__What you will do__
Would you print the lines below exactly, beginning at the line that has "Robert Taverner Salisbury" and stopping after the line that has "The circular route"? Only those lines, and no pictures.

__Extracted material__
···

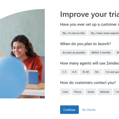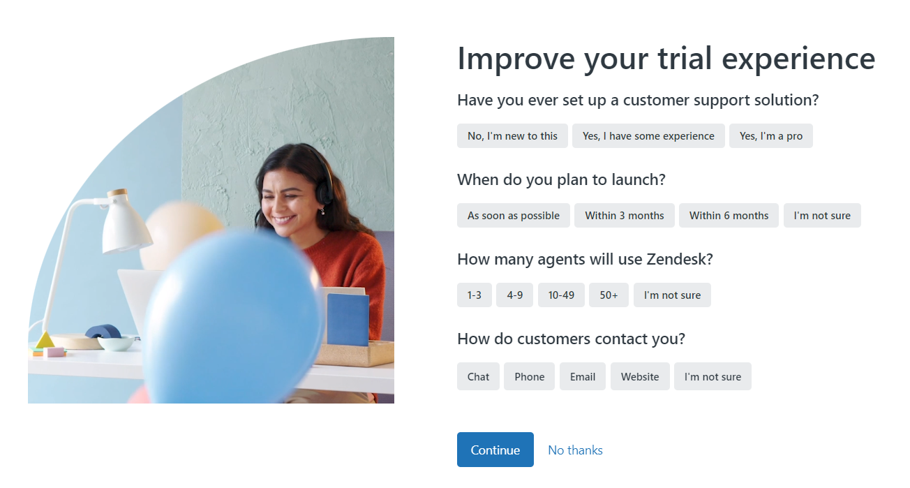 Rett etter registrering ble jeg møtt med noen måter å forbedre opplevelsen av prøveversjonen på. Ved å svare på 4 enkle spørsmål fra Zendesk, var jeg i stand til å gjøre noen positive endringer i prøveversjonen min som ville få meg til å nyte den mer.
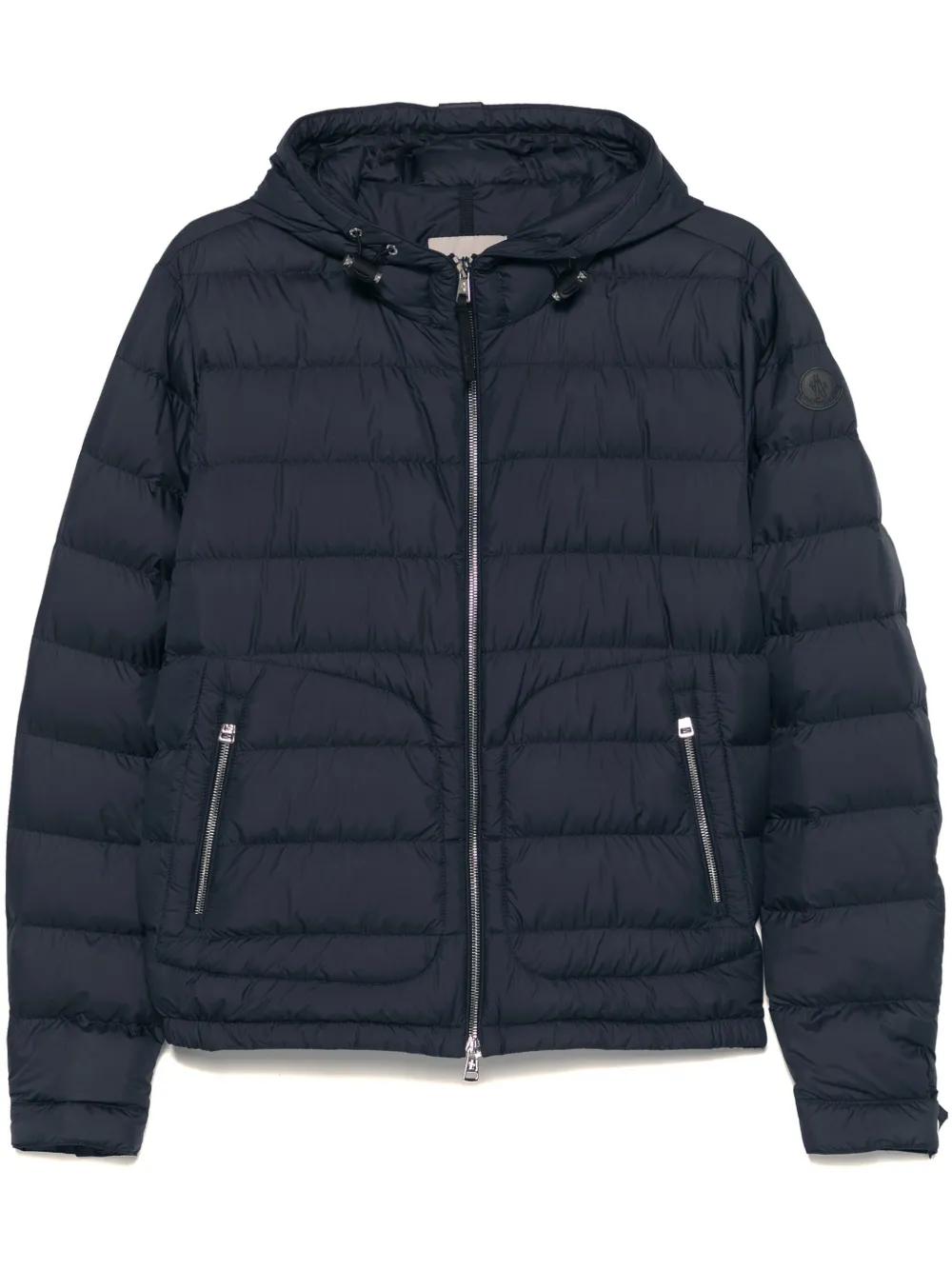 Gesteppte Sestriere Jacke von Moncler mit folgenden Eigenschaften: Marineblau, Zwei-Wege-Reißverschluss vorne, Kapuze mit Kordelzug, zwei Seitentaschen mit Reißverschluss, Manschetten mit Druckknöpfen. Hersteller: Moncler S.p.A, Via Stendhal 47, 20144 Mailand, privacy@moncler.com
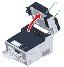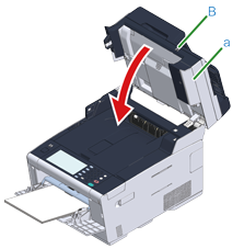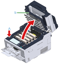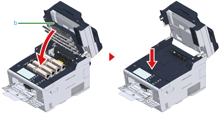 Close the output tray (b) slowly and push the center of the output tray for confirmation.
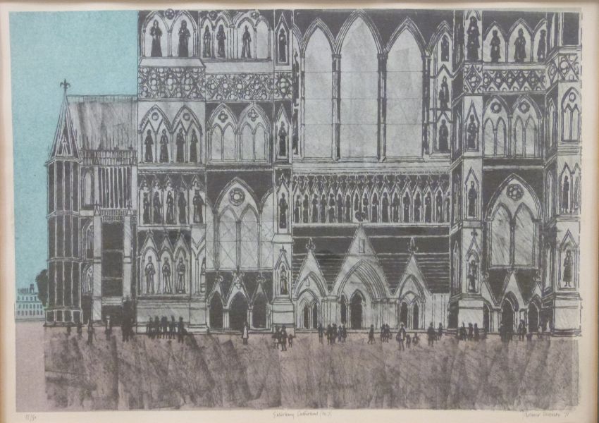 Robert Taverner Salisbury Cathedral No 7, limited edition lithograph (18/50), signed and dated '71, 44cm x 62cm
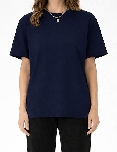 Mujer Tee Camiseta deportiva 100% Algodón Costuras expuestas Color sólido Elegante Básico Casual Manga Corta Cuello Barco Tops regulares Gimnasia Deportes Noche Azul Piscina Negro Albaricoque Gris
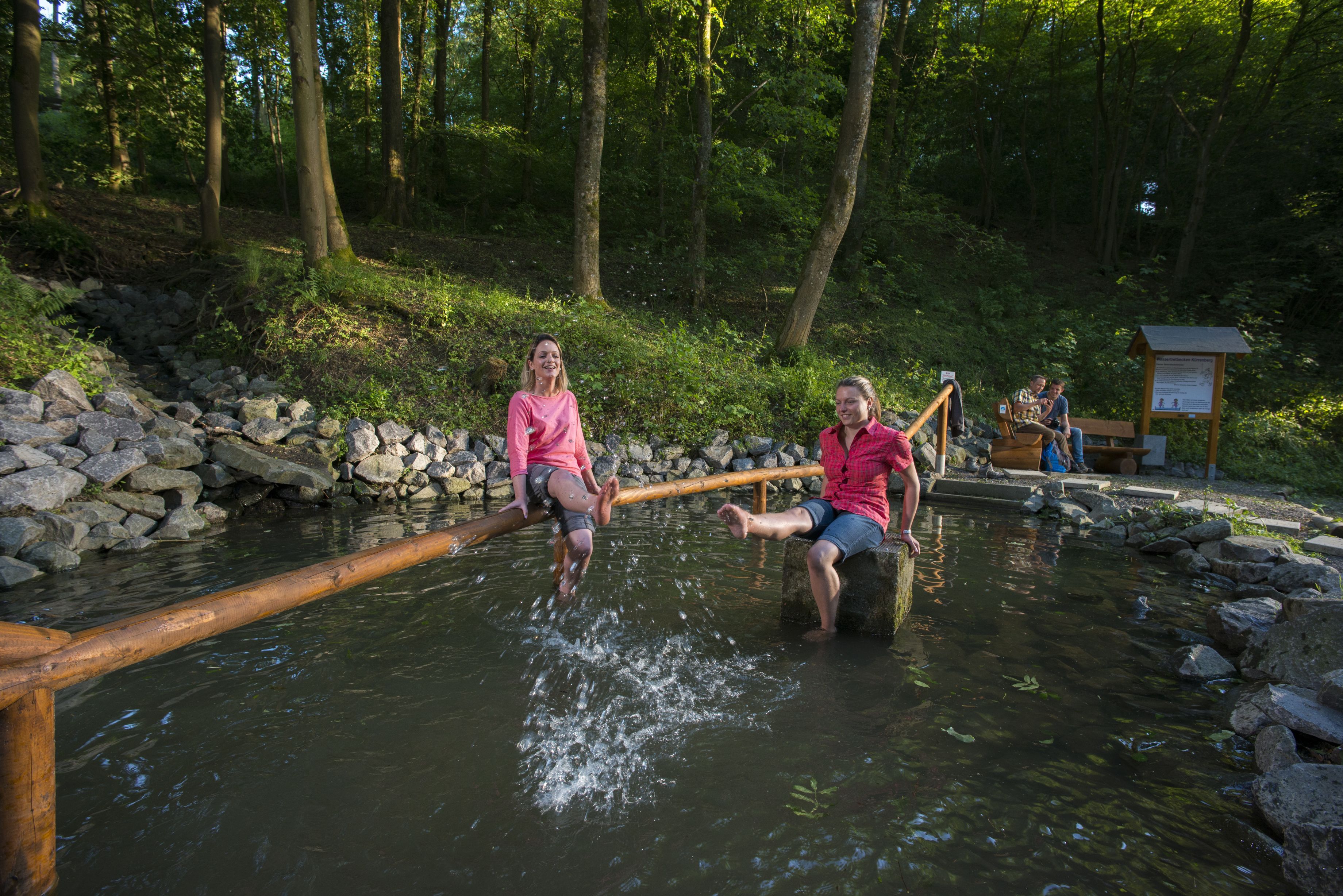 The circular route begins in the middle of the forest, at the Rhododendron car park. We recommend that you follow the route in the clockwise direction. At the Bleiberg hut, you have a great panoramic view, and if you stop to rest on the curved “dream seats”, you will understand why the route is called “Eifel Dream”. Further along the way, there is an opportunity to refresh your feet in a natural Kneipp basin.
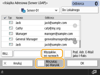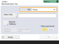 Wysyłanie do urządzenia w obrębie tej samej sieciPodczas wysyłania I-faksu do urządzenia w obrębie tej samej sieci można wysyłać bezpośrednio do tego urządzenia z pominięciem serwera pocztowego. Dla <Wyślij przez serwer> ustaw <Wyłącz> przed wysłaniem I-faksu.
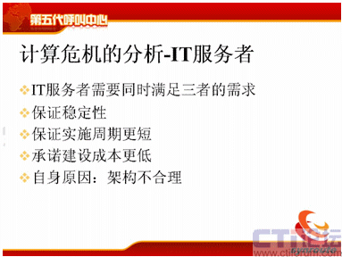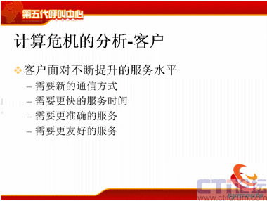 我分析一下計算的危機,計算危機來源于三個方面,第一是客戶面對不斷提升的服務(wù)水平,現(xiàn)在需要新的通信方式,包括電話、傳真、短信、電子郵件等等,還包括網(wǎng)上的護航瀏覽,表單共享,電子排版等等通信方式。第二方面需要更快的服務(wù)時間,80%的電話是20秒接起,可是短信的響應(yīng)時間為什么這么長,需要更準(zhǔn)確的服務(wù),電話的服務(wù)是什么樣的,我現(xiàn)在需要網(wǎng)上交談的服務(wù)質(zhì)量也能夠得到保障等等,這是客戶對IT服務(wù)者提供的壓力。
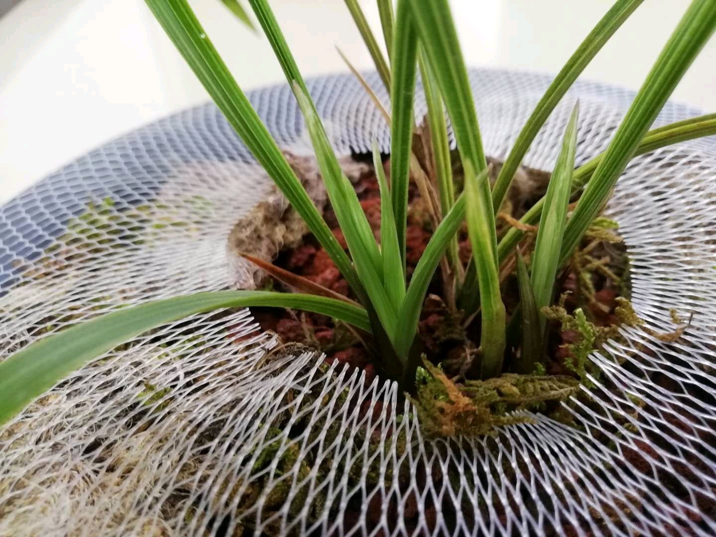 今年八月当我再次拍照片的时候,它已经从当初的丑小鸭变成白天鹅了,草型很美。盆侧面是植料处理时无意混进去的蕨类,芽长出来了,我也没给去掉。
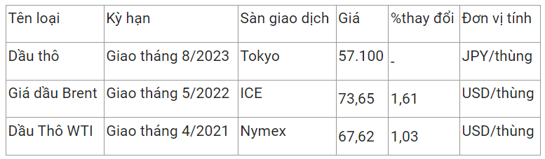 Giá dầu thô ngọt nhẹ WTI của Mỹ tăng 1,03% xuống 67,62 USD/thùng vào lúc 8h19 (giờ Việt Nam), trong khi giá dầu thô Brent giao tháng 5 tăng 1,61% lên 73,65 USD/thùng.

···

__Your solution__
 Robert Taverner Salisbury Cathedral No 7, limited edition lithograph (18/50), signed and dated '71, 44cm x 62cm
 Mujer Tee Camiseta deportiva 100% Algodón Costuras expuestas Color sólido Elegante Básico Casual Manga Corta Cuello Barco Tops regulares Gimnasia Deportes Noche Azul Piscina Negro Albaricoque Gris
 The circular route begins in the middle of the forest, at the Rhododendron car park. We recommend that you follow the route in the clockwise direction. At the Bleiberg hut, you have a great panoramic view, and if you stop to rest on the curved “dream seats”, you will understand why the route is called “Eifel Dream”. Further along the way, there is an opportunity to refresh your feet in a natural Kneipp basin.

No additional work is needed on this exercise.